Kyle Bass, a U.S.-based investor and outspoken critic of the CCP, pointed to Cheng’s situation as a warning by tweeting, “If you are a westerner still living in China, GET OUT WHILE YOU STILL CAN. If you are an investor in Chinese equities, bonds, or private equity, GET OUT WHILE YOU STILL CAN. Xi had the tools of dictatorship ‘firmly in his hands’. #China.”

Cheng’s case is agonizing to watch for overseas ethnic Chinese working in the media industry, including myself. I pray for her safe return to her family. As a U.S. citizen, I cherish my constitutional right to free speech. But I am painfully aware of the steep price I have paid for speaking up: It is not safe for me to ever return to China to visit family, celebrate my friends’ weddings or the births of their children, or attend a high school reunion. I have had to give up many relationships and miss scores of life events to keep people I care about and myself out of danger.

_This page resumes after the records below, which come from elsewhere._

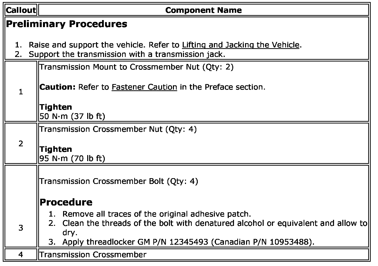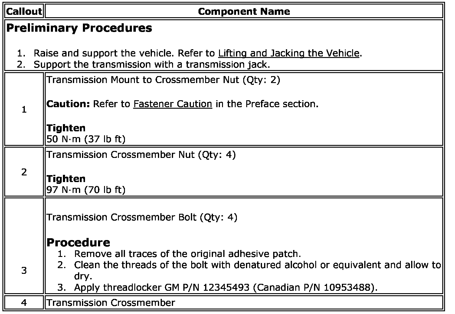 Transmission Support Crossmember Replacement (4WD 1500 Series)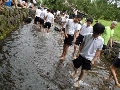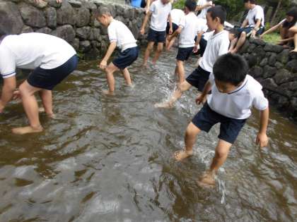 3日目の最初の活動は「魚つかみ」です。逃げ泳ぐ魚を上手に捕まえられたでしょうか?捕まえた魚は、炭火で焼いていただきます。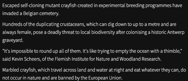 https://www.nzherald.co.nz/world/escaped-cloned-female-mutant-crayfish-take-over-belgian-cemetery/YZDGK4GTJKKML7Y76OELOTHGPA/ …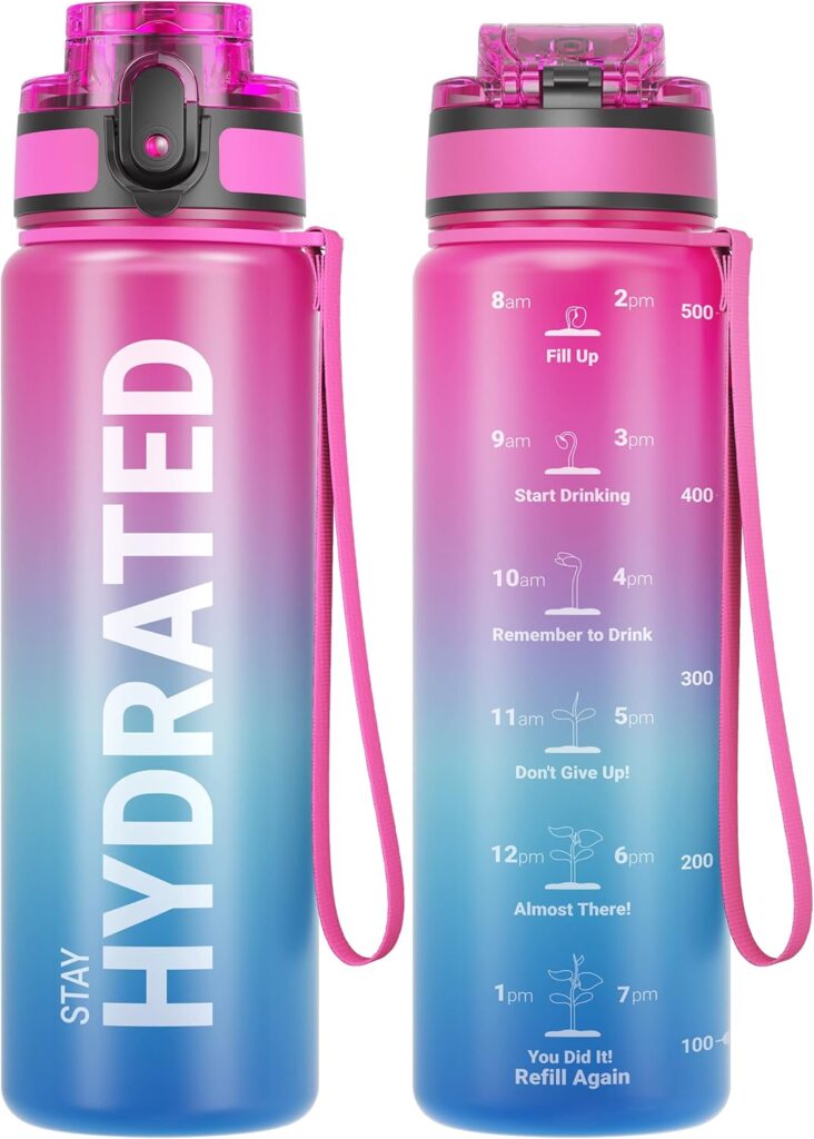 The bottle includes printed time markers that guide you on how much water to drink throughout the day. This helps build a consistent hydration habit.

But how long will I be able to speak truth to power in the United States? On the one hand, the CCP’s long arm has already extended to the U.S. through spies and secret police stations, among other means, to intimidate and silence critics. On the other hand, some in the U.S. government have shown they wouldn’t hesitate to go after journalists who held different political views.

It was not a coincidence that an IRS agent visited journalist Matt Taibbi on the same day he testified to the U.S. Congress about the “Twitter Files,” documents showing U.S. government officials and congressional leaders pressured Twitter to censor speech they didn’t like. Stacey Plaskett, a Democrat, threatened to put Taibbi in jail over his congressional testimony.

The pandemic revealed that freedom is fragile even in a constitutional republic or a democracy. Some in positions of power are always eager to seize the first opportunity to expand their control over our lives, regulate our thoughts and ideas, and subordinate our rights to their will.

Despite all these risks, I won’t give up writing. Speaking my mind is part of who I am, and I have no regrets about choosing a path less traveled. But Cheng’s letter reminds me I should enjoy sunshine, trees, and freedom as much as possible — and while I still can.